Hello there,
I’m building an application that involves simulating a forward-error correcting system. At the last level of the execution I need to evaluate how many bits are set to “1” in a bit stream array. Since there’s an optimized reduction algorithm shipped with CUDA SDK I’ve decided to use it, but I needed to tweak it a bit. Not in terms of memory access but how data is interpreted:
I store the bit streams in a unsigned 32 bit integer, where each bit of the 16 least significant bits store the bit state for each of the 16 bit stream (data-parallelism is 16 bit streams generated per kernel). So I have a word of the sort: 0xXXXX QWER where X has no meaning and “QWER”=“b_15 b_14 b_13 … b_1 b_0” (b_j is the bit of the jth bit stream).
Since I need to evaluate how many bits are set to “1” across all the bit streams, I modified the reduction6 kernel to:
template <class T, unsigned int blockSize, bool nIsPow2> __global__ void reduce6(T *g_idata, T *g_odata, unsigned int n)
{
T *sdata = SharedMemory<T>();
// perform first level of reduction,
// reading from global memory, writing to shared memory
unsigned int tid = threadIdx.x;
unsigned int i = blockIdx.x*blockSize*2 + threadIdx.x;
unsigned int gridSize = blockSize*2*gridDim.x;
T mySum=0x00000000;
// we reduce multiple elements per thread. The number is determined by the
// number of active thread blocks (via gridDim). More blocks will result
// in a larger gridSize and therefore fewer elements per thread
while (i < n)
{
mySum += __popc((0x0000FFFF & g_idata[i]));
// ensure we don't read out of bounds -- this is optimized away for powerOf2 sized arrays
if (nIsPow2 || i + blockSize < n)
mySum += __popc((0x0000FFFF & g_idata[i+blockSize]));
i += gridSize;
}
// each thread puts its local sum into shared memory
sdata[tid] = mySum;
__syncthreads();
// do reduction in shared mem
if (blockSize >= 512) { if (tid < 256) { sdata[tid] = mySum = mySum + sdata[tid + 256]; } __syncthreads(); }
if (blockSize >= 256) { if (tid < 128) { sdata[tid] = mySum = mySum + sdata[tid + 128]; } __syncthreads(); }
if (blockSize >= 128) { if (tid < 64) { sdata[tid] = mySum = mySum + sdata[tid + 64]; } __syncthreads(); }
#ifndef __DEVICE_EMULATION__
if (tid < 32)
#endif
{
// now that we are using warp-synchronous programming (below)

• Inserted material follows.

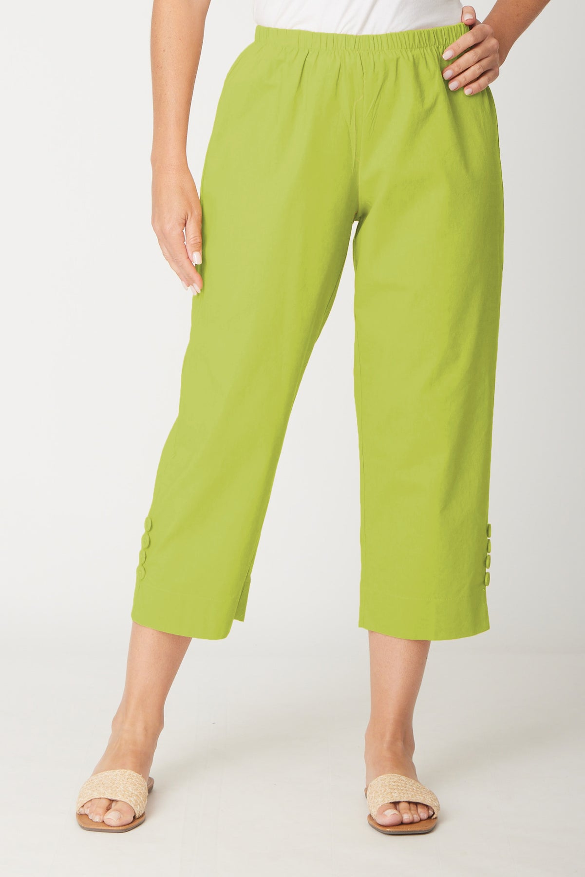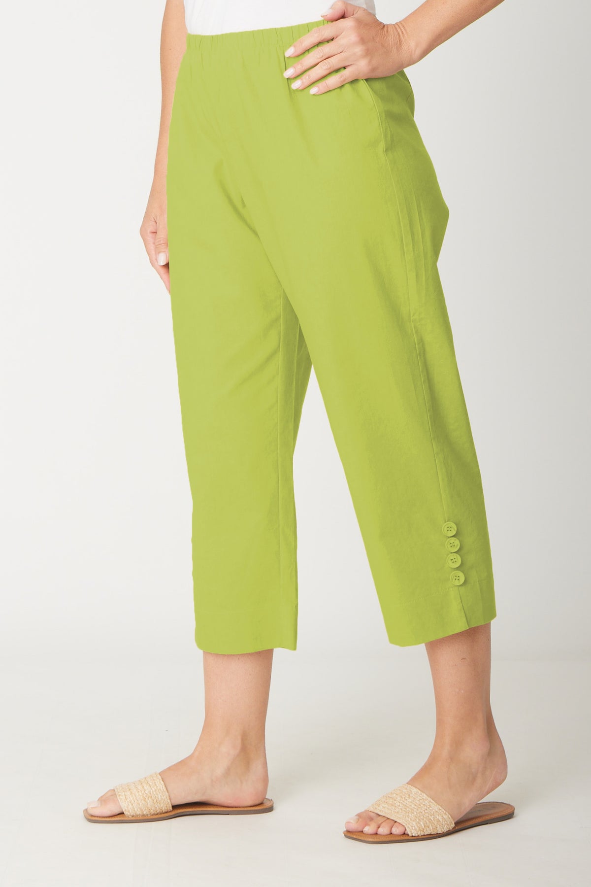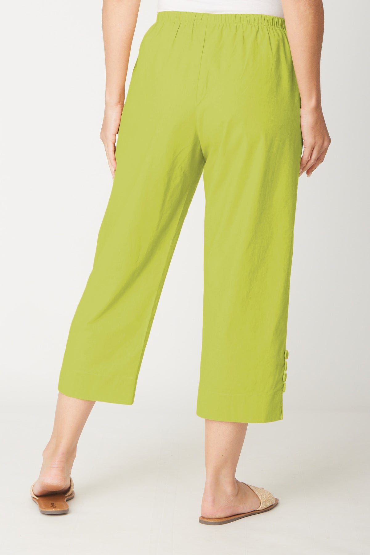 Split Leg Linen 3/4 Pant- Chartreuse - 31594

// we need to declare our shared memory volatile so that the compiler
// doesn't reorder stores to it and induce incorrect behavior.
volatile T* smem = sdata;
if (blockSize >= 64) { smem[tid] = mySum = mySum + smem[tid + 32]; EMUSYNC; }
if (blockSize >= 32) { smem[tid] = mySum = mySum + smem[tid + 16]; EMUSYNC; }
if (blockSize >= 16) { smem[tid] = mySum = mySum + smem[tid + 8]; EMUSYNC; }
if (blockSize >= 8) { smem[tid] = mySum = mySum + smem[tid + 4]; EMUSYNC; }
if (blockSize >= 4) { smem[tid] = mySum = mySum + smem[tid + 2]; EMUSYNC; }
if (blockSize >= 2) { smem[tid] = mySum = mySum + smem[tid + 1]; EMUSYNC; }
}
// write result for this block to global mem
if (tid == 0)
g_odata[blockIdx.x] += sdata[0];
}
Each time a word is loaded from global memory I ensure that the “XXXX” bits (the 16 MSB) of the 32 bit integer will not influence the results.
Hence, the loaded word is AND’d with a bitmask 0x0000FFFF:
(0x0000FFFF & g_idata[/*some index shown in the code above*/])
Furthermore, since I’m interested in the number of bits set to “1” I then use the bitmasked input data as an argument to the built-in function __popc() that outputs precisely the bits set to “1” in an integer word.
However, debugging my algorithm with an array *array={0x0000FFFB for first element, 0x00000001 for second elementer, 0x00000000 otherwise} outputs in the final reduction step: 22 set bits.
Such is not true since 0x0000FFFB is 65531, has 15 bits set to “1” (all bits are set to “1” except the 3rd LSB) and 0x00000001 has one set bit to “1”. So the evaluation should be 16 and not 22.
Can anyone spot what I might be doing wrong?! For the record I’m using 32 blocks of 128 threads to reduce a bit stream of length 64800, since the nearest power of 2 is very close (65536) I’m using a 65536 array.
Thank you.